Entries supplied START

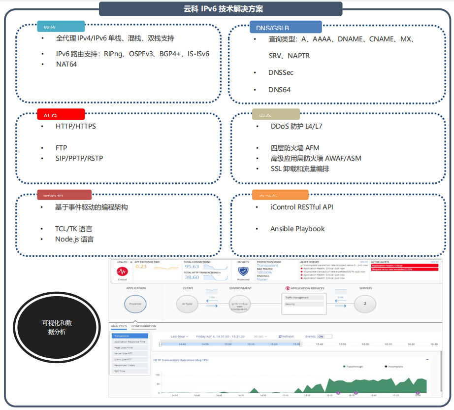 全球范圍內支持無(wú)線(xiàn)和互聯(lián)網(wǎng)的設備日益增多,導致 IPv4 地址快速耗盡。與此同時(shí),IPv6 的普及速度比預計的要慢。服務(wù)提供商需要一款解決方案,幫助他們應對 IPv4 地址耗盡的問(wèn)題,并基于無(wú)縫遷移到 IPv6 以實(shí)現網(wǎng)絡(luò )優(yōu)化。通過(guò)提供大量的IP地址轉換、快速的NAT 轉換率、高吞吐率能力和高速的日志審計功能實(shí)現運營(yíng)商級平臺的可擴展性。
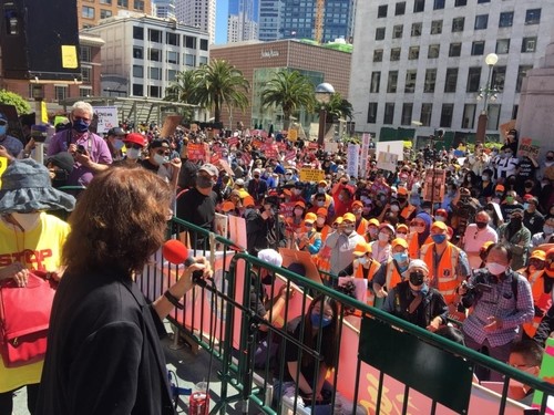 [아시아뉴스 = 이창우 기자] 미국 애틀랜타의 마사지숍 총격 사건 이후 미국내 아시아인에 대한 증오 범죄 규탄이 이어지고 있는 가운데 캘리포니아주 샌프란시스코에서도 아시아계를 행한 증오범죄에 항의하는 대규모 시위가 열렸다.
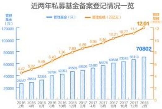 私募行业,正是大类资产中成长最快的板块。根据中国基金业协会的数据,2月底,私募基金总规模突破了12万亿元,相比两年前增长了172%,创造了新的历史记录。同时,私募备案基金数量超出7万只,已登记私募管理人数量为2.31万家,私募员工总数达到24.21万人,两年间私募发展进入快车道。股权创投私募继续保持快速增长,规模达7.27万亿,证券私募受市场影响规模略减,为2.60万亿,百亿级大型私募机构为210家。
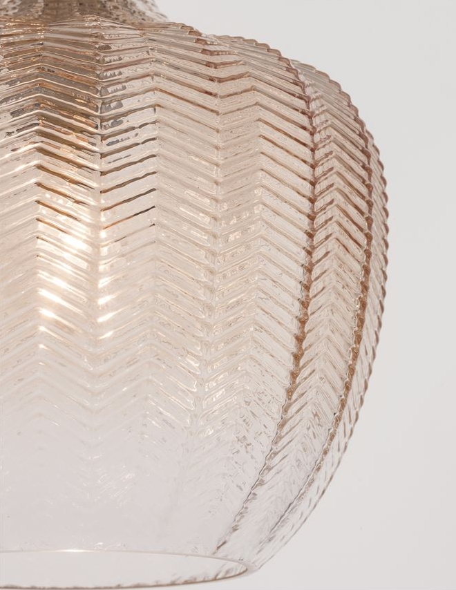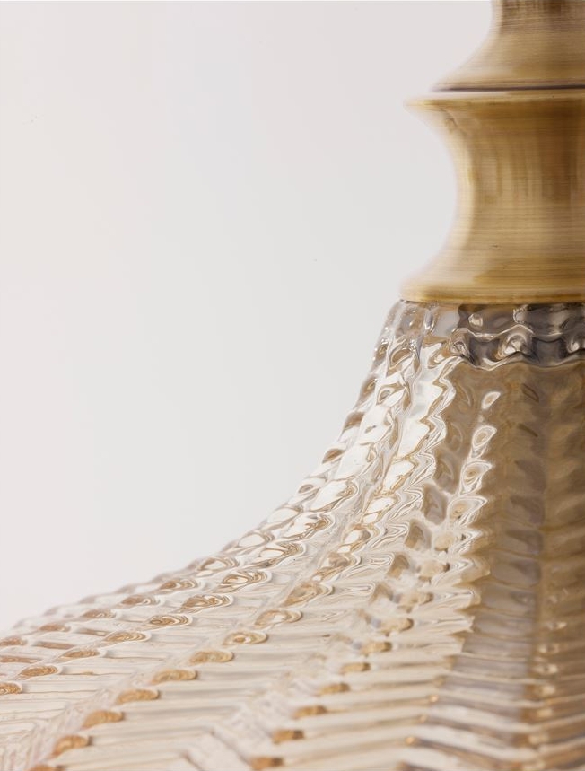 Стилът и естетиката на обстановката ще се обогатят благодарение, както на цялостната визия и дизайн на осветителното тяло, така и на вложените в изработката му, качествени материали, като: метал в цвят месинг, релефно стъкло в цвят шампанско.
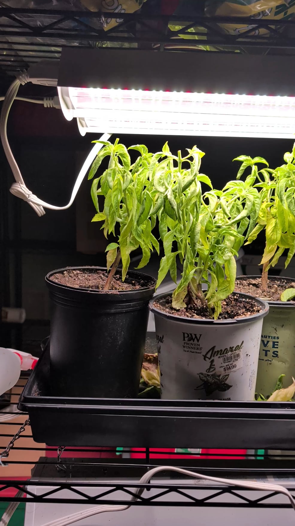 Might be better to start new plants from seed under the grow lights. Whenever I have tried to overwinter my basil it’s gone down to white fly or other pests that like the indoors.
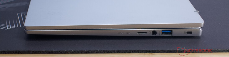 Es posible conectar hasta tres monitores al pequeño portátil a través de HDMI 2.1 y ambos puertos Thunderbolt 4. El actual procesador Intel Meteor Lake admite la salida a hasta cuatro monitores simultáneamente. Asimismo, Acer se las ha arreglado para albergar un lector de tarjetas microSD e incluso una mini ranura de bloqueo Kensington.
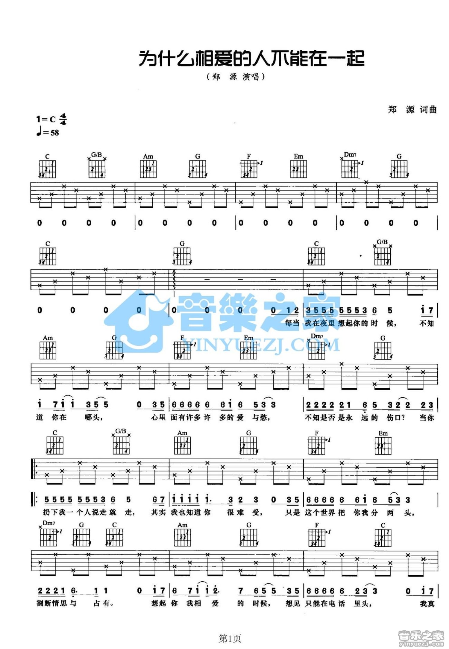 为什么相爱的人不能在一起吉他谱 - 郑源 - C调吉他弹唱谱
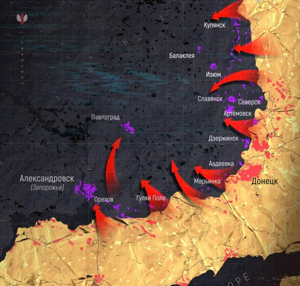 Foto: Predicciones, muy de acuerdo. Como lo dije hace 3 días, Kramatorsk será tomada desde el sudeste y también desde el norte. Pero la dirección que más me interesa es la primera abajo, hacia Zaporizhia, ese movimiento, en esta etapa, garantiza la recuperación de la totalidad de Kherson, y sobre todo, abre la posibilidad de una ofensiva sobre Mykolaiv y Odessa.
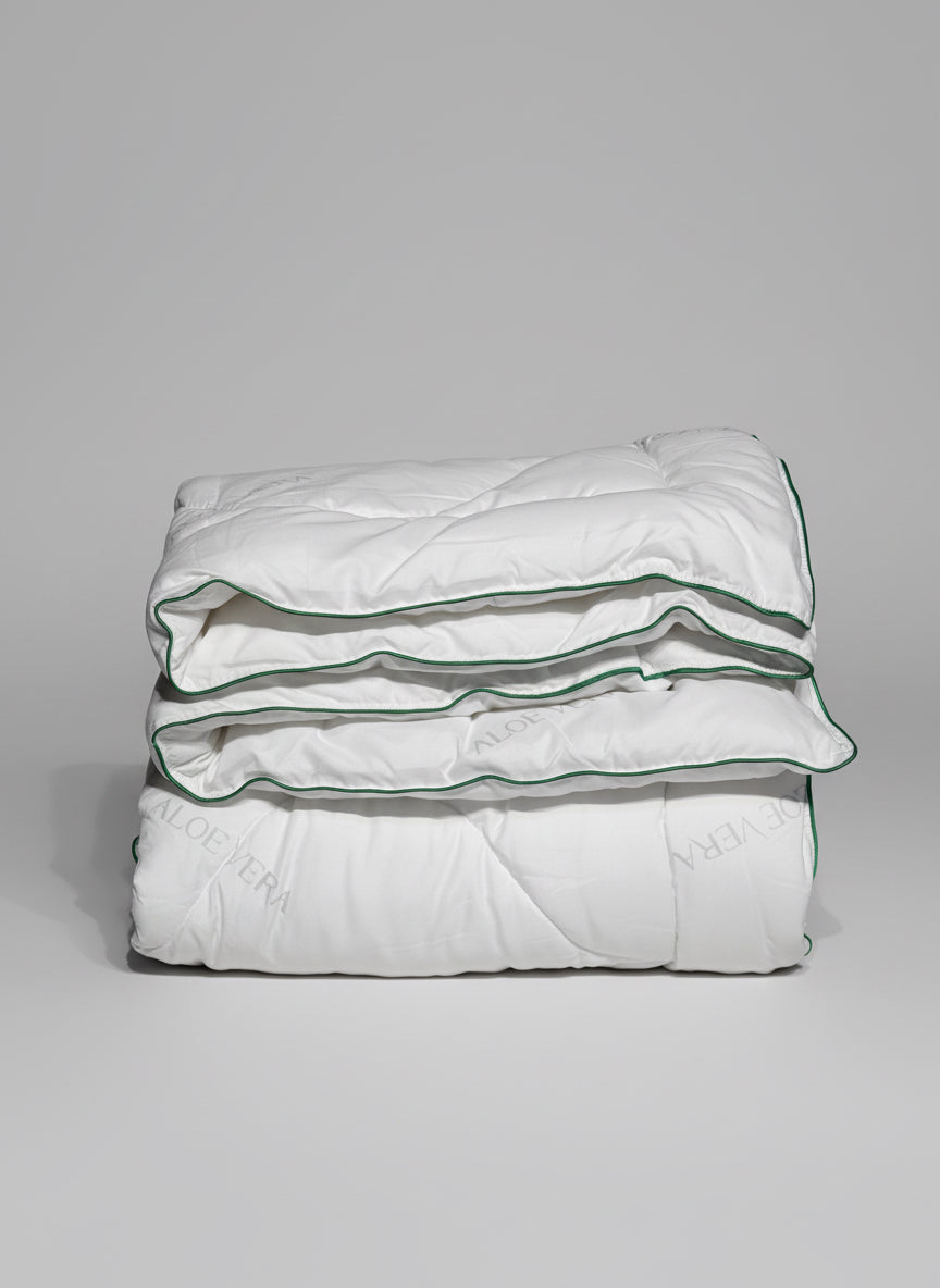 Möchten Sie nachts die Feuchtigkeit Ihrer Haut bewahren, Schwitzen verhindern und morgens erfrischt aufwachen? Die **Aloe Vera Decke** ist genau das Richtige für Sie – mit Stoff, der mit den wertvollen Extrakten der Wunderpflanze Aloe Vera angereichert ist! Die seit Jahrhunderten bewährten entzündungshemmenden, antibakteriellen und feuchtigkeitsspendenden Eigenschaften der Aloe Vera bringt diese Decke direkt in Ihr Schlafzimmer. Sie steigert Ihre Schlafqualität auf natürliche Weise. Jede Berührung fühlt sich seidenweich an, jede Nacht bringt frische Entspannung!

Entries supplied END

Problem requirements ->
Pictures are to be excluded; all other material must be transcribed exactly.

Answer box ->
 全球范圍內支持無(wú)線(xiàn)和互聯(lián)網(wǎng)的設備日益增多,導致 IPv4 地址快速耗盡。與此同時(shí),IPv6 的普及速度比預計的要慢。服務(wù)提供商需要一款解決方案,幫助他們應對 IPv4 地址耗盡的問(wèn)題,并基于無(wú)縫遷移到 IPv6 以實(shí)現網(wǎng)絡(luò )優(yōu)化。通過(guò)提供大量的IP地址轉換、快速的NAT 轉換率、高吞吐率能力和高速的日志審計功能實(shí)現運營(yíng)商級平臺的可擴展性。
 [아시아뉴스 = 이창우 기자] 미국 애틀랜타의 마사지숍 총격 사건 이후 미국내 아시아인에 대한 증오 범죄 규탄이 이어지고 있는 가운데 캘리포니아주 샌프란시스코에서도 아시아계를 행한 증오범죄에 항의하는 대규모 시위가 열렸다.
 私募行业,正是大类资产中成长最快的板块。根据中国基金业协会的数据,2月底,私募基金总规模突破了12万亿元,相比两年前增长了172%,创造了新的历史记录。同时,私募备案基金数量超出7万只,已登记私募管理人数量为2.31万家,私募员工总数达到24.21万人,两年间私募发展进入快车道。股权创投私募继续保持快速增长,规模达7.27万亿,证券私募受市场影响规模略减,为2.60万亿,百亿级大型私募机构为210家。
 Стилът и естетиката на обстановката ще се обогатят благодарение, както на цялостната визия и дизайн на осветителното тяло, така и на вложените в изработката му, качествени материали, като: метал в цвят месинг, релефно стъкло в цвят шампанско.
 Might be better to start new plants from seed under the grow lights. Whenever I have tried to overwinter my basil it’s gone down to white fly or other pests that like the indoors.
 Es posible conectar hasta tres monitores al pequeño portátil a través de HDMI 2.1 y ambos puertos Thunderbolt 4. El actual procesador Intel Meteor Lake admite la salida a hasta cuatro monitores simultáneamente. Asimismo, Acer se las ha arreglado para albergar un lector de tarjetas microSD e incluso una mini ranura de bloqueo Kensington.
 为什么相爱的人不能在一起吉他谱 - 郑源 - C调吉他弹唱谱
 Foto: Predicciones, muy de acuerdo. Como lo dije hace 3 días, Kramatorsk será tomada desde el sudeste y también desde el norte. Pero la dirección que más me interesa es la primera abajo, hacia Zaporizhia, ese movimiento, en esta etapa, garantiza la recuperación de la totalidad de Kherson, y sobre todo, abre la posibilidad de una ofensiva sobre Mykolaiv y Odessa.
 Möchten Sie nachts die Feuchtigkeit Ihrer Haut bewahren, Schwitzen verhindern und morgens erfrischt aufwachen? Die **Aloe Vera Decke** ist genau das Richtige für Sie – mit Stoff, der mit den wertvollen Extrakten der Wunderpflanze Aloe Vera angereichert ist! Die seit Jahrhunderten bewährten entzündungshemmenden, antibakteriellen und feuchtigkeitsspendenden Eigenschaften der Aloe Vera bringt diese Decke direkt in Ihr Schlafzimmer. Sie steigert Ihre Schlafqualität auf natürliche Weise. Jede Berührung fühlt sich seidenweich an, jede Nacht bringt frische Entspannung!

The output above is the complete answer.